With regard to cognitive aspects of such classification processes [34], the degree of similarity between entities acts as the basis for an inferential logic behind grouping and classifying different entities into categories. In Western scientific taxonomy, as well as in many works on folk biological taxonomies, the degree of biological affinity between organisms is inferred from the combined criterion of similarity and typicality [33,34,35,36]. Yet in the practices reported here, as well as the tacit groupings they evoke, the process of identifying similarities and classifying entities proceeds through a different form of epistemology. Analogical rationality begins with the perception of new similarities between entities, over and above existing categories, that are constantly being produced in a world marked by an emergent “coming into being” of things and organisms that inhabit it. This is possible because, according to analogical reasoning, all characteristics are potentially transferable, thus able to modify the constitution of other entities. This fundamental epistemological feature applies to all of the analogies reported here (Table 1).

Mainstream Western approaches to scientific as well as folk biological taxonomy infer diachronic continuity from a given set of similarities deemed salient for classificatory purposes. This epistemic process, which emerges from a “naturalistic” ontology, is evident for example in concepts like genealogy and evolutionary history in the natural sciences, as well as for arguments about the importance of morphological similarities produced by evolution in studies of folk biology. By contrast, the analogical knowledge practices reported here work in somewhat the opposite fashion, such that similarities are inferred from salient, synchronic continuities (Table 3). This kind of epistemology is inherent in the analogistic ontological framework.

Table 3 Contrasting epistemologies: naturalism versus analogism

Ontological dimension: a permeable world of interchangeable qualities

The data presented here reveal evidence of an analogistic reasoning process driving ethnobiological use patterns related to subsistence practices and daily life among quilombola and ribeirinho communities in Brazil (Fig. 2). Analogism acts as a far-reaching epistemic model, or modus operandi, in both ethnographic contexts. This form of rationality is the product of an ontological frame in which certain qualities of one entity can be transmitted to another entity, establishing a sympathetic mode of causality such that similarity in quality produces similarity in effect. The condition of transmissibility implies an ongoing flow of properties between different things and beings, including people, animals, plants, meteorological phenomena and material objects. This form of rationality highlights a conception of the world as a place full of permeable beings and things, a world in which the virtues or essences of different entities are interchangeable. It is this conception of reality that Descola [7] categorizes as analogism, in contrast to naturalism, animism and totemism.

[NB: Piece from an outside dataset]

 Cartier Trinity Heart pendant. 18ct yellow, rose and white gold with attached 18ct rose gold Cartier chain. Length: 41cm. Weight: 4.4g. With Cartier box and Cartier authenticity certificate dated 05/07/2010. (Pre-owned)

In our analysis of the analogical reasoning implied in these ethnobiological practices, we have focused on their potential for identifying and producing similarity between otherwise dissimilar entities. This process depends on a form of causality in which a given entity is susceptible to changing its nature when in contact with the qualities of another entity. We believe that this particular causal aspect is what best defines the ontological difference between these practices and Western naturalistic thought, rather than the varying roles of exteriority vs. interiority as hypothesized by Descola.

In a conception of reality that allows qualities to flow between different entities, their flow can be controlled by administering or avoiding a given entity with some desirable or undesirable quality. In this sense, the analogy is first identified or projected, and then the effect of contact between the entities is produced by facilitating or preventing the transfer of a quality from one entity to another. In a world (or cultural reality) where distance does not prevent transmission [50], the uses, practices and prohibitions described here represent a logical consequence of living, thinking and acting in that world.

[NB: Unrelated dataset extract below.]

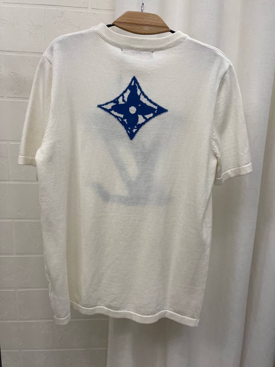 Футболка мужская Louis Vuitton LUX-99652 представляет собой стильный предмет гардероба от известного бренда. Футболка выполнена в белом цвете с ярким синим логотипом бренда. Изделие имеет короткие рукава и круглый воротник.
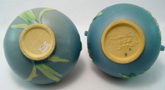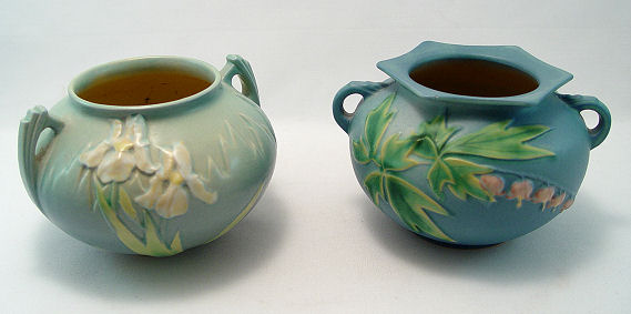 2 ROSEVILLE VASES: ''Bleeding Heart'' blue 377-4'' small glaze pop on edge of rim and ''Iris'' light green 357-4''. Sold as a lot.

Toward a historical understanding of analogism in Brazilian ethnobiological repertories

We were particularly struck by the tremendous similarities in the analogical rationality at work in these geographically distant, ecologically distinctive and demographically unrelated populations, including certain nearly identical use patterns, for example, the administration of wasp preparations to hunting dogs. It is of course possible that certain general concepts or specific ethnobiological practices were absorbed through syncretism with indigenous populations that occupied these regions prior to colonization. However, the geographical distance would preclude a common origin of any specific cultural knowledge. Moreover, and in contrast to the ribeirinho and quilombola cases presented here, indigenous Amazonian use rationales that follow an apparently analogical or homeopathic pattern of “like treats like” reveal a decidedly animistic logic of sympathetic transmission mediated by spiritual “owners” or “masters” [2, 4].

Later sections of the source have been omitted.